_Work to complete_:
Return each line of the listing that follows in which the string "your" can be found.

_Input records_:
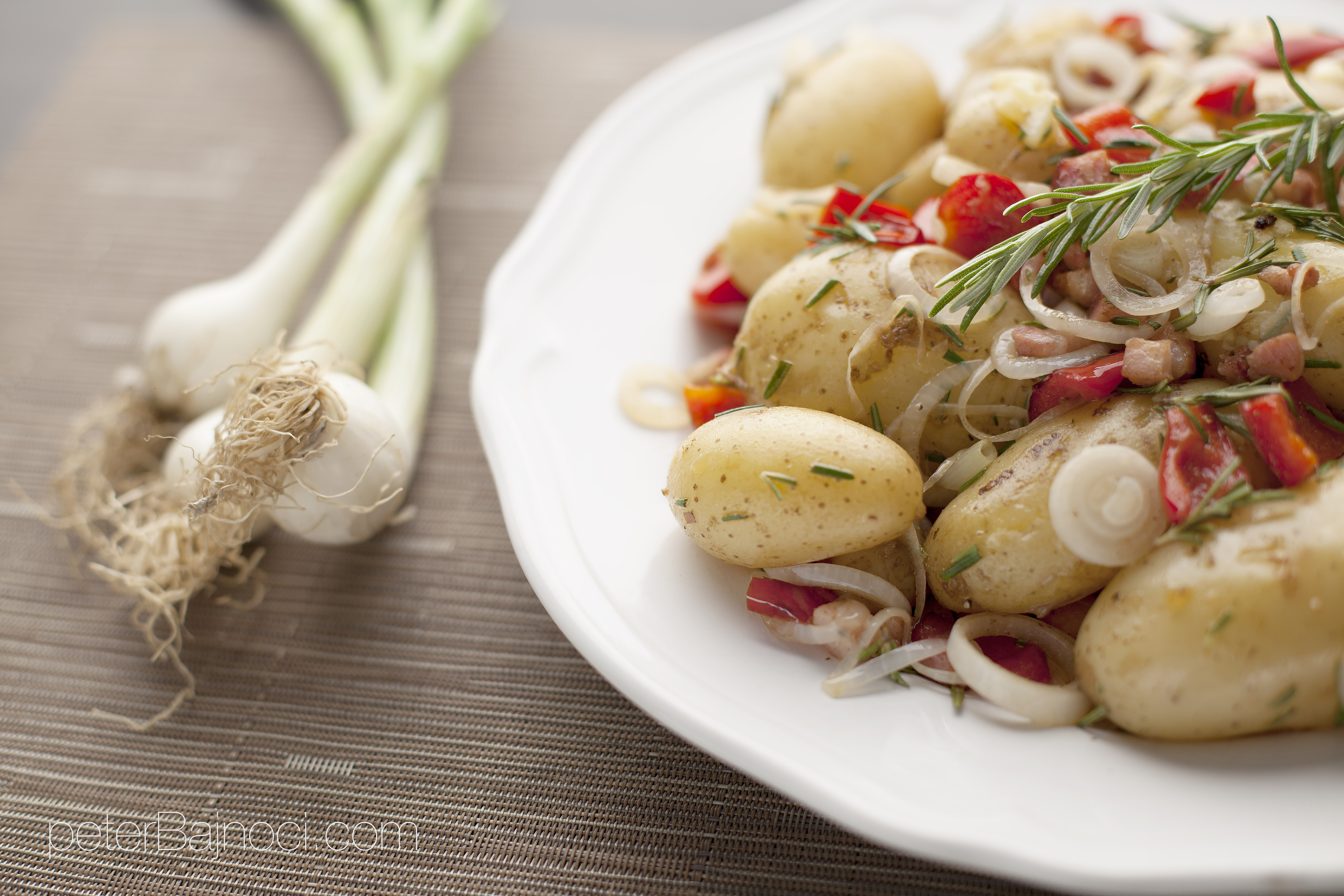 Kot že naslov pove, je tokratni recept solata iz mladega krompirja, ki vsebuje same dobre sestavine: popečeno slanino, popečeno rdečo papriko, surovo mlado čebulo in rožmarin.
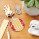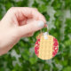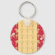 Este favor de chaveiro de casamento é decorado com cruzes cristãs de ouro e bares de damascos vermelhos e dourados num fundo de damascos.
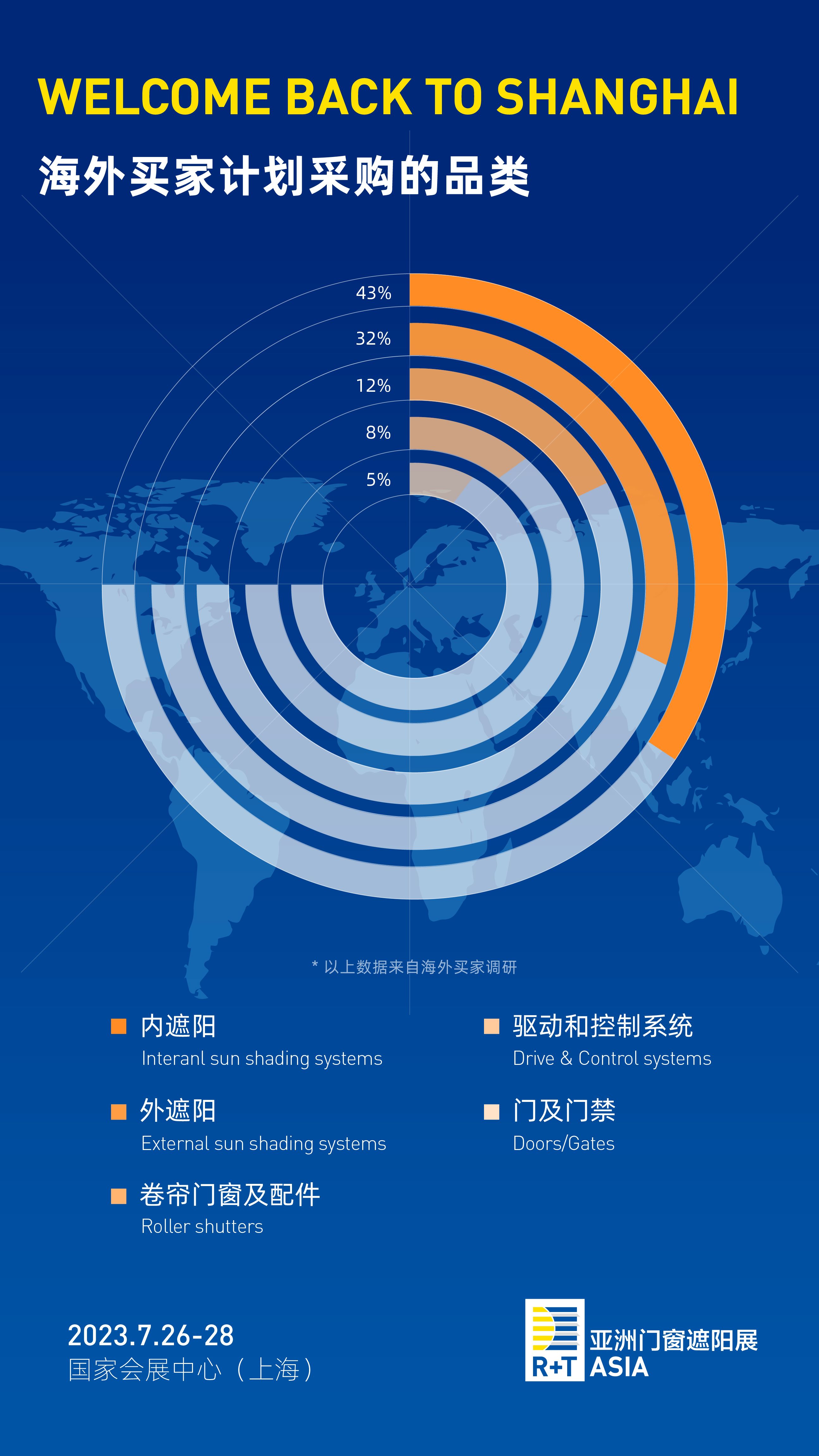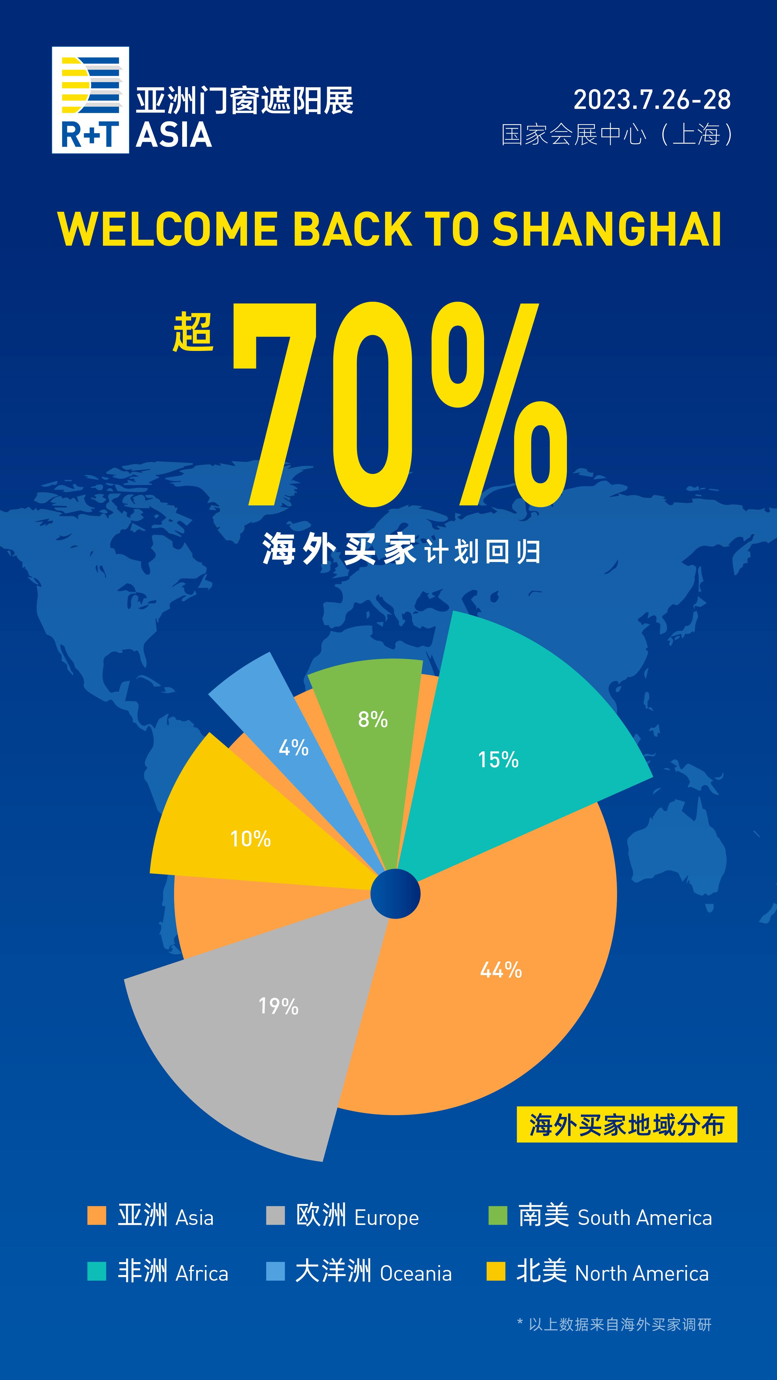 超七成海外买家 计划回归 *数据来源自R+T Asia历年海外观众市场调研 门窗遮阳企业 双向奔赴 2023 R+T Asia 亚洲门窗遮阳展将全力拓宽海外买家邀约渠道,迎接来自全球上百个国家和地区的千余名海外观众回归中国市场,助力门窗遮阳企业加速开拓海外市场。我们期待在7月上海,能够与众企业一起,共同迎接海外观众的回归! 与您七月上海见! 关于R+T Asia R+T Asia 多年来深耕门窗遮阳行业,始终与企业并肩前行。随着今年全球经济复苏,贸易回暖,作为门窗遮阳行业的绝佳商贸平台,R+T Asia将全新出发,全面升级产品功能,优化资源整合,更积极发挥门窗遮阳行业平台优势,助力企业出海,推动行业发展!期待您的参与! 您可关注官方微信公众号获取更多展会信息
...
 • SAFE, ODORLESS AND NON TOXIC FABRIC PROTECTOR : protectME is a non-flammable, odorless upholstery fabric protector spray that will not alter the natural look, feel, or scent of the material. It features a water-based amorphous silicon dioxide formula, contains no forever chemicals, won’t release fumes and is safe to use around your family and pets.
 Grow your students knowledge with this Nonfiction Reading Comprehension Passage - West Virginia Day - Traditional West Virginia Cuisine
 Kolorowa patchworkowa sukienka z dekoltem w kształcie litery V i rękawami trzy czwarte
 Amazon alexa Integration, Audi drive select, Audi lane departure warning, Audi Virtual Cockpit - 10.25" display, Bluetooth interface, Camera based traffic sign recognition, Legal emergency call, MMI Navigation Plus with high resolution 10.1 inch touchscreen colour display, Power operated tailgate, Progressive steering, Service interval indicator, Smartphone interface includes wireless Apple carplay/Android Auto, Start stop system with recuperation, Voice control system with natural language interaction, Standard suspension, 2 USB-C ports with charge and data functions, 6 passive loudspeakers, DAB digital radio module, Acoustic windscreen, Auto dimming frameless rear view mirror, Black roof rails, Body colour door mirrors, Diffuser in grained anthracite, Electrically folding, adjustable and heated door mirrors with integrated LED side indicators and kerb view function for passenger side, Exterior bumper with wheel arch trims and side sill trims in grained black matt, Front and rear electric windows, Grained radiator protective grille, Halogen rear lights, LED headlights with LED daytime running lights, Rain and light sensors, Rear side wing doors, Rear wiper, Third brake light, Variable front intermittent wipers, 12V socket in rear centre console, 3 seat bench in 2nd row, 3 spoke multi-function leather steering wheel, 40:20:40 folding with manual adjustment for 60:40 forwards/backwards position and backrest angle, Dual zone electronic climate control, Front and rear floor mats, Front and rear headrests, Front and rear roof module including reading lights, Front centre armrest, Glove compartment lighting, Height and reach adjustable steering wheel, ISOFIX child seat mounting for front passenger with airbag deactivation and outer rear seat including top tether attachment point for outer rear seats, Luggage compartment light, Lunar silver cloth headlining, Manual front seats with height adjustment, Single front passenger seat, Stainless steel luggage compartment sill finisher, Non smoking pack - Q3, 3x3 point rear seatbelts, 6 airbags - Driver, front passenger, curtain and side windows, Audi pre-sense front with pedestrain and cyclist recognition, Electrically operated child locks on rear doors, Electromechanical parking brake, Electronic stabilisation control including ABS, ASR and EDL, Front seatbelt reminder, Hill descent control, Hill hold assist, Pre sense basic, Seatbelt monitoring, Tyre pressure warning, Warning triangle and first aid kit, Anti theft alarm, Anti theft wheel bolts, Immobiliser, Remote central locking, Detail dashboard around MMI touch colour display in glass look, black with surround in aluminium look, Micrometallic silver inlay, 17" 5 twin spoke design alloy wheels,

_Reply to the task_:
 • SAFE, ODORLESS AND NON TOXIC FABRIC PROTECTOR : protectME is a non-flammable, odorless upholstery fabric protector spray that will not alter the natural look, feel, or scent of the material. It features a water-based amorphous silicon dioxide formula, contains no forever chemicals, won’t release fumes and is safe to use around your family and pets.
 Grow your students knowledge with this Nonfiction Reading Comprehension Passage - West Virginia Day - Traditional West Virginia Cuisine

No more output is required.